Authors
- Vjekoslav Tomulić — University of Rijeka School of Medicine, University Hospital Centre Rijeka, Rijeka,Croatia — ORCID: 0000-0002-3749-5559
- Tomislav Jakljević — University of Rijeka School of Medicine, University Hospital Centre Rijeka, Rijeka,Croatia — ORCID: 0000-0002-3692-0111
- David Gobić — University of Rijeka School of Medicine, University Hospital Centre Rijeka, Rijeka,Croatia — ORCID: 0000-0001-9406-1127
- Miljenko Kovačević — University of Rijeka School of Medicine, University Hospital Centre Rijeka, Rijeka,Croatia
- Davor Primc — University of Rijeka School of Medicine, University Hospital Centre Rijeka, Rijeka,Croatia
Keywords
aortic disease, acute aortal syndrome, thoracic endovascular aortic repair, endovascular aortic repair
DOI
https://doi.org/10.15836/ccar2016.475Full Text
Aortic disease includes aortic aneurysm, acute aortic syndrome (AAS): dissection, intramural haematoma, penetrating atherosclerotic ulcer, traumatic aortic injury; pesudoaneurysm, aortic rupture and atherosclerotic or inflammatory aortic disease. Aneurysms of abdominal (AAA) or thoracic (TAA) aorta are most common. They have long-lasting subclinical course and AAS is often first manifestation of the disease, with extremely poor prognosis. (1-3) Endovascular repair of abdominal (EVAR) and thoracic (TEVAR) aorta with graft stents is preferred method of treatment over open surgical procedure.
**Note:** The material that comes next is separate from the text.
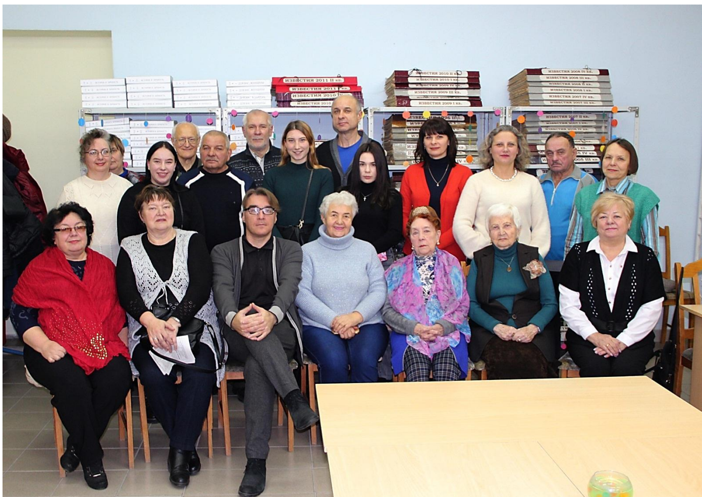
Словодром # 37 на новом месте. Тема дискуссии «Мой прогресс». 27 ноября 2019 года.
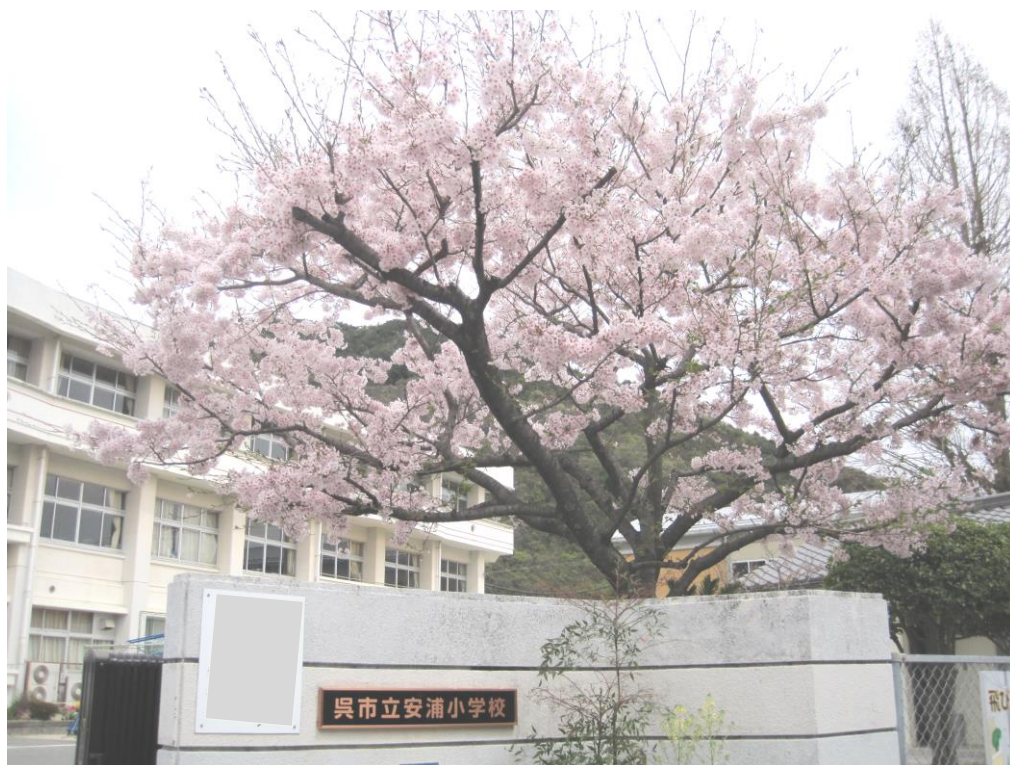
呉市立安浦小学校

ふるさとを愛し、よりよい未来の創り手となる児童の育成 ～ 学ぶ つながる 役に立つ ～

Length of stay in ICU, hospitalisation duration, acute complications, rate of recovery and survival over 5 years are all, according to clinical studies, on EVAR/TEVAR side. Open surgery kept its position in treating disease of ascending aorta and aortic arch. Development of new techniques and devices enables endovascular treatment of high-risk patients (thoracoabdominal aneurysms, „hostile“ neck) who were deemed inoperable until now. In University Hospital Centre Rijeka we performed 49 endovascular procedures (TEVAR 20, EVAR 29) from 2014 to 2016. 14 patients (28,6%) have had an emergency procedure because of AAS. Majority of procedures were performed percutaneously (30 patients, 61%). Periprocedural mortality was 2% (1 patient), 30-days mortality was 8.1% (4 patients). Further development needs stabile financing and additional education and integration of multidisciplinary endovascular team (vascular surgeons, interventional radiologists and cardiologists).